The winter weekend is here and nothing can beat the comfort enjoying piping hot Chicken Biryani. So, if you are a biryani lover and up for some cooking this weekend, then try this Chicken Biryani that can be easily made in a kadhai too. Scroll down to read the recipe.

1/2 kg chicken, 3 tbsp curd, 1 tbsp ginger garlic paste, 1/2 tsp salt, 1/4 tsp turmeric, 1 tsp red chilli powder, 1 tsp garam masala, 1 tbsp lemon juice, 1 bay leaf, 2 green cardamom, 2 cloves, 1 cinnamon stick, 1 star anise, 1 strand mace, 1 cup rice, 2 tbsp ghee, 1 onion, 2 green chilli, 1/4 cup curd, 1 tsp red chilli powder, 1 tsp garam masala, 2 cups water, 4 tbsp fried onion, 1 sprig mint leaves, 1 tbsp coriander powder, and 2 tbsp saffron water.

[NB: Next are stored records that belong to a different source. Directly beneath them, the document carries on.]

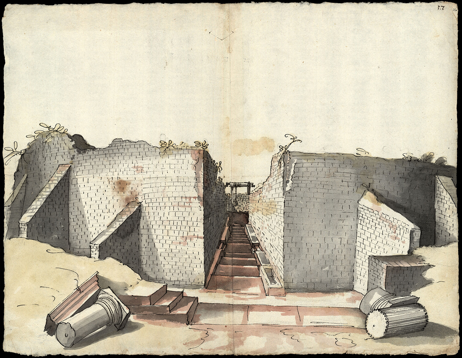 Pour une meilleure compréhension, la vue doit remonter à plusieurs siècles. Après le déclin de l'ancienne ville, les connaissances sur celle-ci ont été largement perdues. Seuls quelques témoignages sont encore visibles au Moyen-Âge, mais ne sont pas reconnus comme tels. Cela n'a commencé à changer qu'à la Renaissance et dans l'Humanisme. Avec le regain d'intérêt pour l'antiquité gréco-romaine, le besoin de retrouver des preuves possibles de l'implantation romaine s'est également accru dans notre région. De 1588 à 1990, des fouilles archéologiques ont été menées pour la première fois sur le territoire de la vieille ville romaine sous la direction du conseiller et marchand bâlois Andreas Ryff. Ils ont eu pour effet que les vestiges les plus frappants et les plus visibles, que les habitants du coin appelaient les "Neuf Tours" depuis des générations et que l'on a longtemps cru être les restes d'un château, ont été identifiés par le célèbre savant Basilius Amerbach comme ce qu'ils étaient réellement : les vestiges d'un théâtre romain.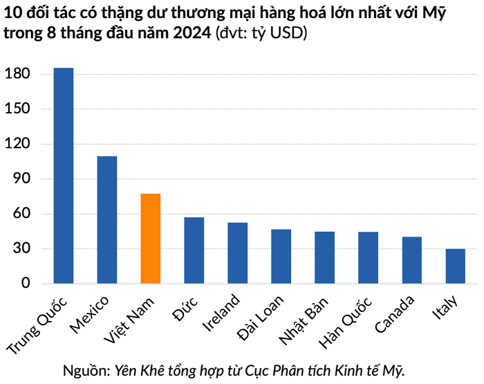 Qua đó, Việt Nam ghi nhận thặng dư thương mại hàng hoá khoảng 77,6 tỷ USD với nền kinh tế số một thế giới, đứng thứ ba trong danh sách sau Trung Quốc và Mexico.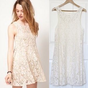 Free People Miles of Lace Ivory Tank Swing Dress L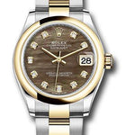 31mm yellow Rolesor case comprised of Oystersteel and 18K yellow gold, screw-down back, screw-down crown with twinlock double waterproofness system, 18K yellow gold domed bezel, scratch-resistant sapphire crystal with cyclops lens over the date, dark mother-of-pearl dial, diamond hour markers, Rolex calibre 2236 perpetual self-winding movement with date at 3 o'clock, approximately 55 hours of power reserve, yellow Rolesor Oyster bracelet made from a combination of 904L steel and 18K yellow gold with flat three-piece links, folding Oysterclasp buckle with Easylink 5mm comfort extension link. Waterproof to 100 meters. Baselworld 2019 release.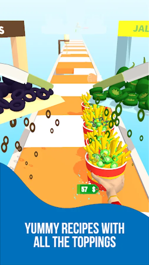 • A fun runner game with learning elements for kids on how loaded fries are made
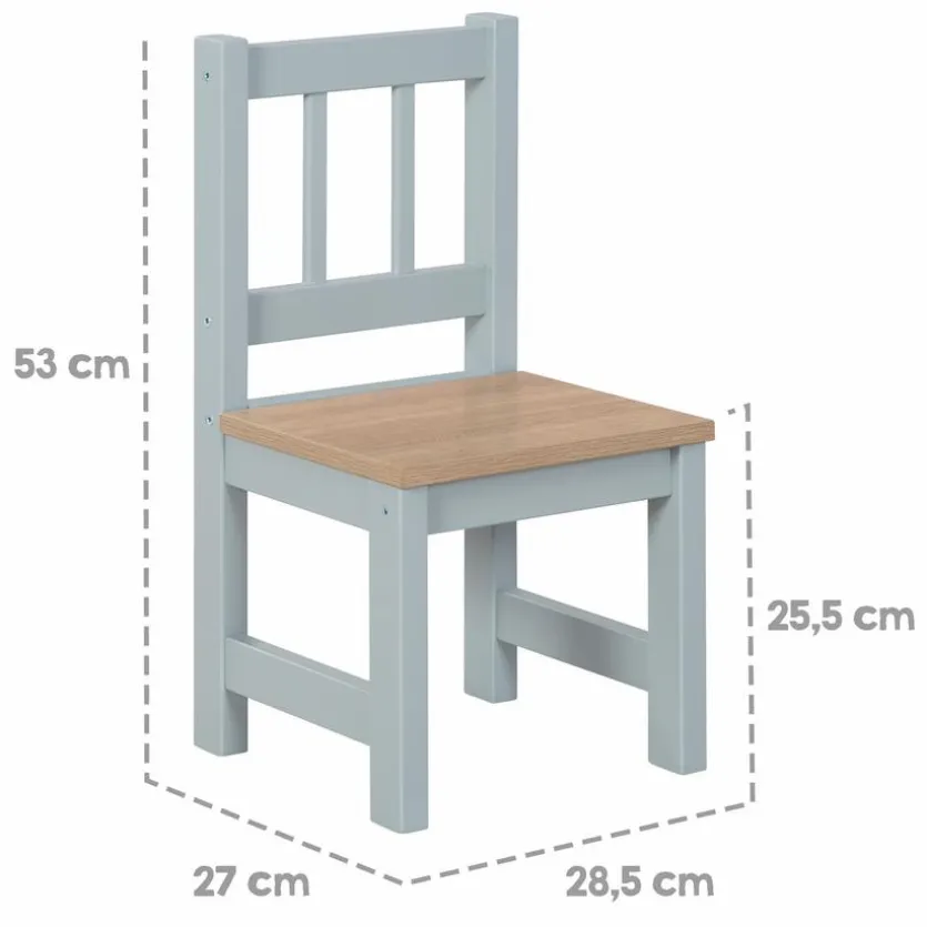 - Bestehend aus Kindertisch BHT 60 x 48,5 x 60 cm und 2 Kinderstühlen BHT 27 x 53 x 27 cm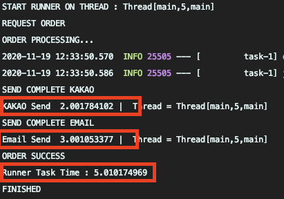 위와 같이 수정한 후 실행해보면 로그가 정상적으로 출력되고 주문 기능도 정상적으로 종료되었음을 확인할 수 있습니다.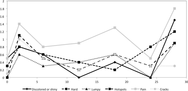 Through 28-weeks post-partum, 88 of 1472 women experienced at least one occurrence of mastitis or breast inflammation. The 28-week risk was higher for maternal ART (RD 4.5, 95% confidence interval (CI): 0.9, 8.1) and infant NVP (RD: 3.6, 95%CI: 0.9-6.9) compared to standard of care. The hazard of late-appearing mastitis or breast inflammation (from week 5-28) was also higher for maternal ART (HR: 6.7, 95%CI: 2.0, 22.6) and infant NVP (HR: 5.1, 95%CI: 1.5, 17. 5) compared to the standard of care.
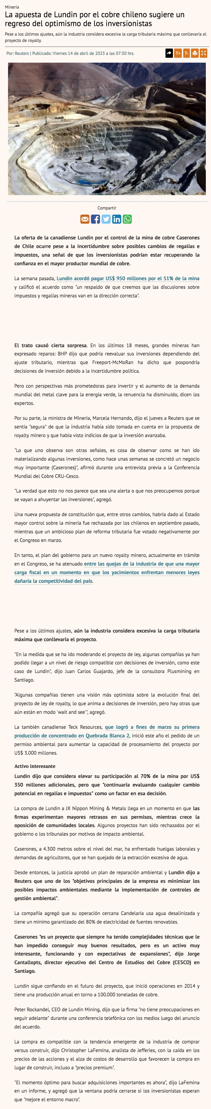 Compra de Lundin en Chile sugiere regreso de optimismo de inversionistas por la minerĂa local - (Pulso Online)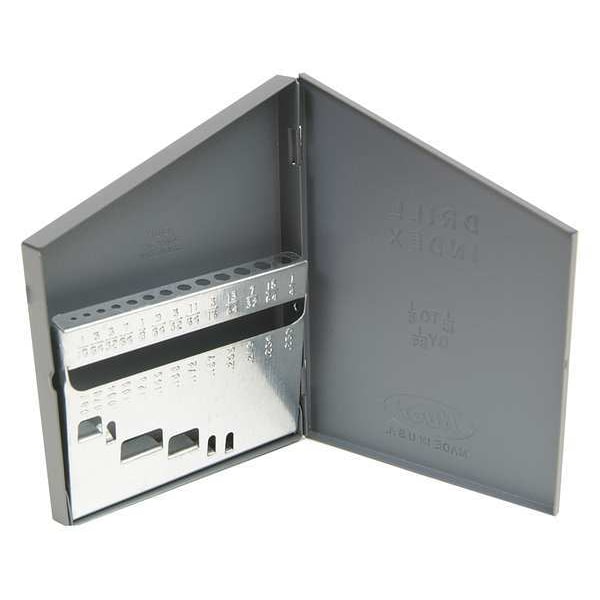 Drill Bit Case, Jobber Length, Holds 1/16 In. to 1/4 In. Fractions by 64ths, Steel, Overall Case Width (In.) 4, Overall Case Depth (In.) 5-3/8, Overall Case Height (In.) 5/16, Number of Compartments 13, Number of Drawers 1, Lock Included No, Tools Not Included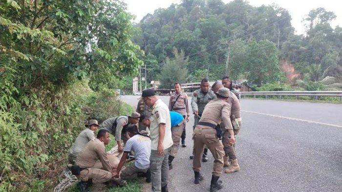Petugas Satpol PP bersama Tim Terpadu melakukan penertiban ternak di sepanjang Jalan Nasional Banda Aceh-Meulaboh dari Kecamatan Jaya, Indra Jaya, ...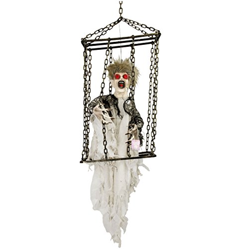 -. Feature : Hang this evil screaming ghoul in a doorway, tree or graveyard to scare off all intruders / The 20" cage contains the ghoul as it's eerie laugh, shaking arms and flashing red lights make your guests scream in fright / This sound activated prop will be a hit to any party or Halloween gathering / Dimensions: 45" Overall Height (20" Tall x 13 1/2" Wide Cage; Powered with 3 - AA Batteries (not included)
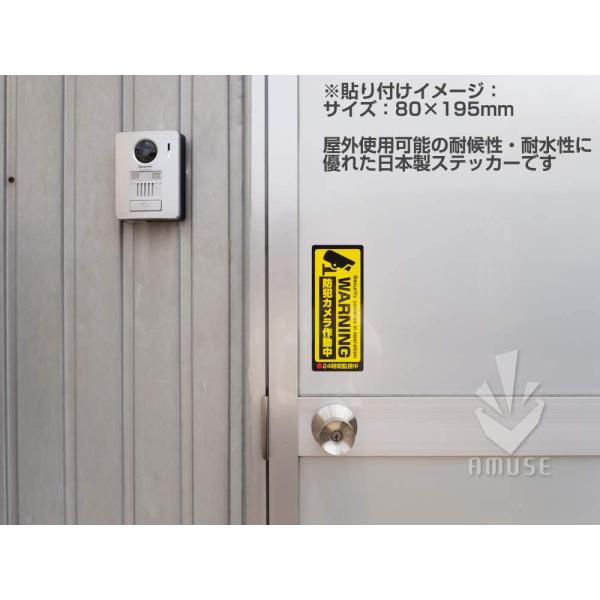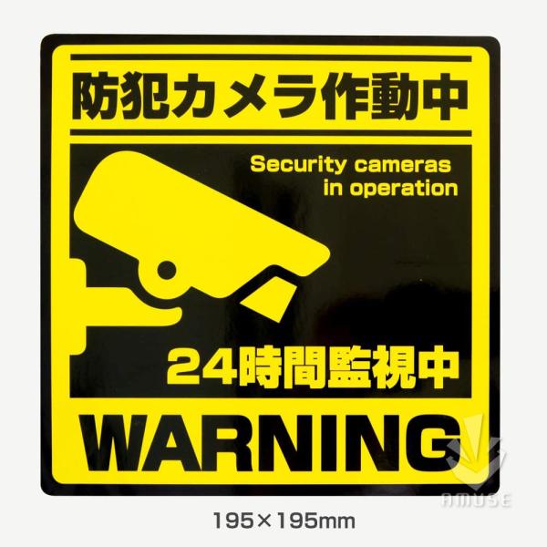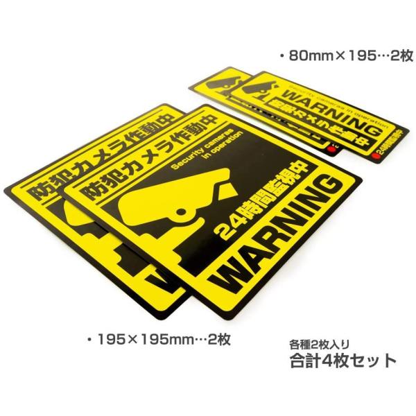 防犯ステッカー 防犯カメラ シール【耐候・防水 日本製】 防犯カメラ作動中 シール (195×195mm,80mm×195) 2サイズ各2枚入り、 計4枚セット
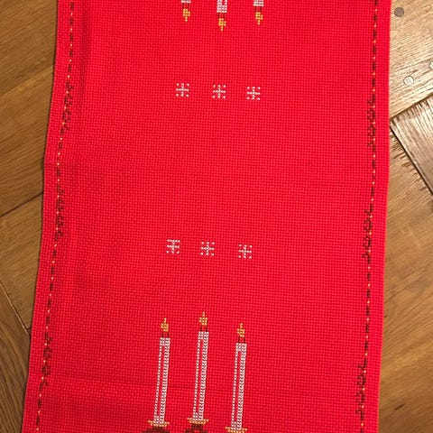 Håndlaget brodert løper i hardangersøm med hullmønster. Løperen har et dekorativt geometrisk design og passer til dekorasjon på bord eller møbler. Ingen flekker eller slitasje.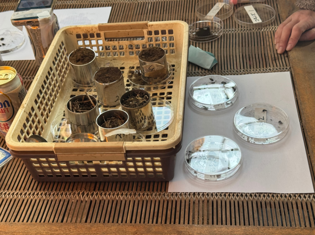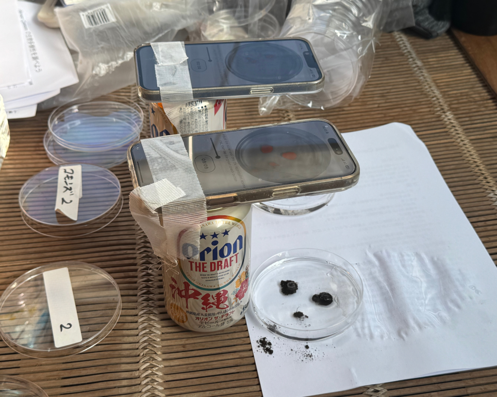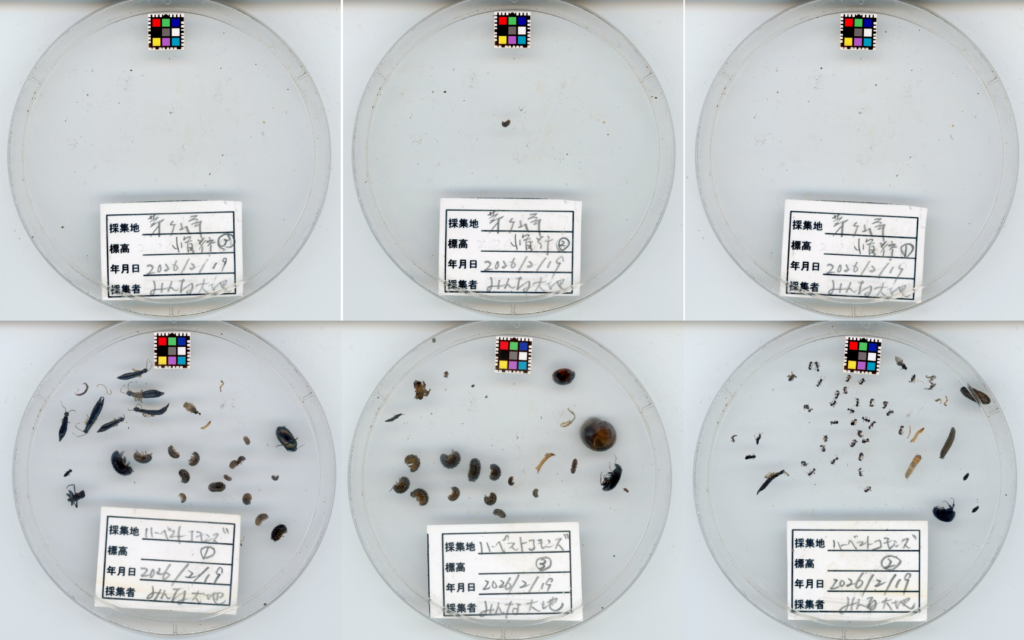 最初は慣行栽培の畑の虫を調査したが、どんなに探しても虫が見つからず、最終的に3カ所の土で1匹だけだった。次にハーベストコモンズの土を調査する。さきほどと打って変わって、次々と虫が見つかり、ダンゴムシ、ミミズ、クモ、ゴミムシ、ハサミムシ、ムカデなど種類も多い。ふたつの畑の距離は徒歩3分の距離なのだが、こんなにも結果が違うことは驚きだった。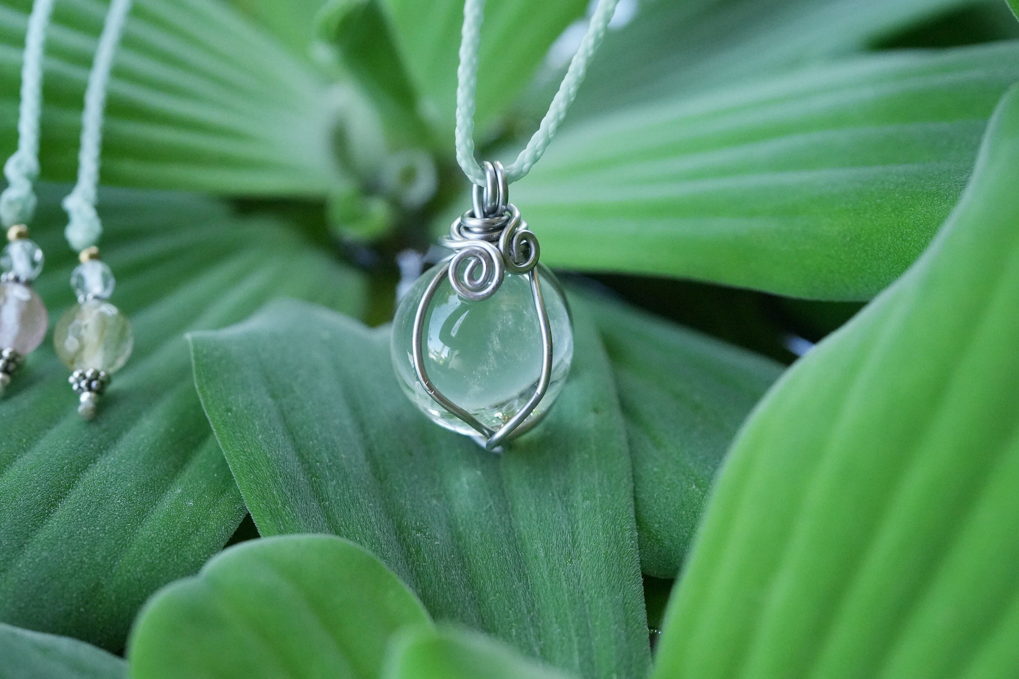 割れやすいクリスタルをワイヤーで巻き付けることは職人技。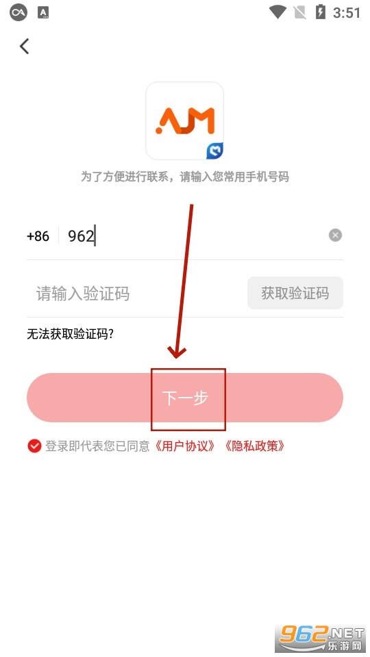 输入手机号验证码,勾选隐私协议,点击下一步即可注册成功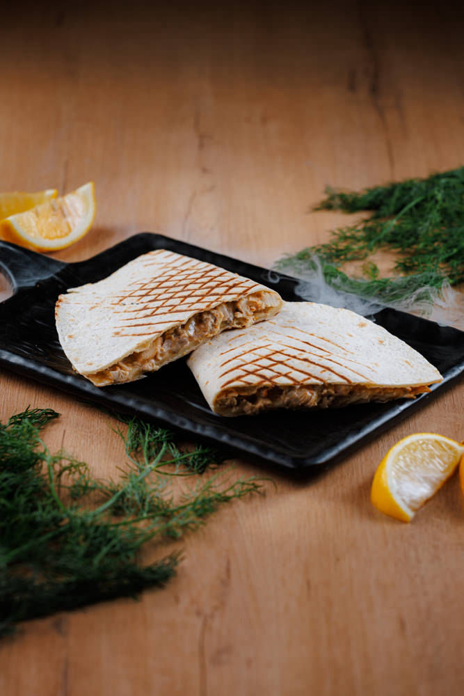 тортилья, куриное филе, шампиньоны, лук, сливки

Add curd, ginger garlic paste, salt, garam masala, lemon juice, and chill powder to a mixing bowl. Add the chicken pieces evenly to the mixture and mix well. Allow it to rest for 60 minutes.

In the meantime, cook rice in a rice in a vessel with enough water. Make sure it is only 60% cooked.

In a heavy-bottomed kadhai, add ghee and all the other spices. Sauté them for 30 seconds.

Next, add the sliced onions and sauté until they turn light brown.

Now, simply add the marinated chicken pieces, gently mix well and cover and cook for 30-35 minutes on a low flame.

Once the pieces turn tender, add curd, green chilli, red chilli powder, and garam masala. Mix them all well.

Now, layer the chicken with cooked rice, fried onion, and saffron water. Cover the lid of the kadhai and seal it with soft flour dough.

Cook for 15 minutes. Garnish with coriander and mint leaves. Serve hot!